The combined force now proceeded to Buhahayen, principal town of the island and the capital of the most important chief. Buhahayen was well fortified. Shortly after their arrival the Spanish were involved in a skirmish with the natives. Rodríguez was still aboard his flagship, but seeing that the Spanish were faring badly, he left the ship with a few men to take command. In order to travel more quickly, he was not wearing his helmet. Before he reached the scene of the skirmish, a single native surprised him, giving him a blow on the head with a sword.

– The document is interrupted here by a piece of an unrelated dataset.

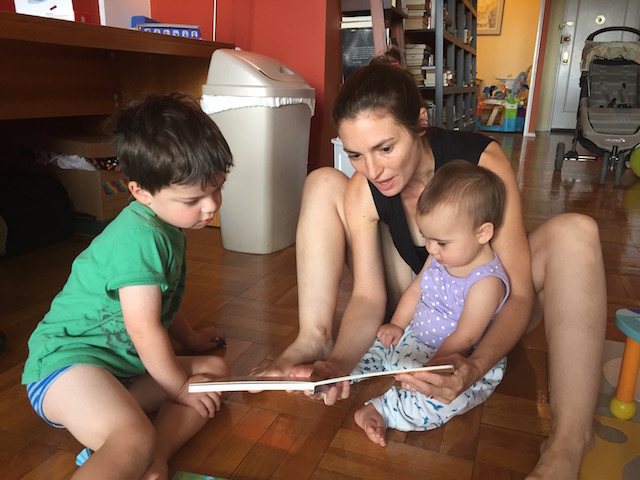 A quick two-day update: the Sunday after Mercena’s first birthday was our chance to spend some extended time with Cousin Robert, Aunt Sarah, and Uncle Allan. Robert may be going through his Terrible Threes, where the default is No first and Think later, but to Mercena, he is a wondrous creature that instantly becomes the most exciting thing in the the room. She may be more interested in playing with him than the reverse, but her definition of playing with him can simply involve proximity, so she had plenty of satisfying parallel play. The highlight of the cousin party was a bath where Robert shared his turtles with a rapturous Mercena–we were worried she wouldn’t be able to sleep from all the excitement (she did).

Rodríguez was taken back to the ship, where he died the next day. Thus ended the first lifetime of his rule of Mindanao. The Spanish, with Juan de la Xara now in charge, retreated to the more friendly Tancapan, where they built a fort and a Spanish settlement named Murcia.

==After serving as governor==
Luis Pérez Dasmarinas was still awaiting word of the expeditions to Cambodia and Mindanao when news was received that the new governor, Francisco de Tello de Guzmán, was arriving. Tello de Guzmán had been sent from Spain. He took over the government on July 14, 1596.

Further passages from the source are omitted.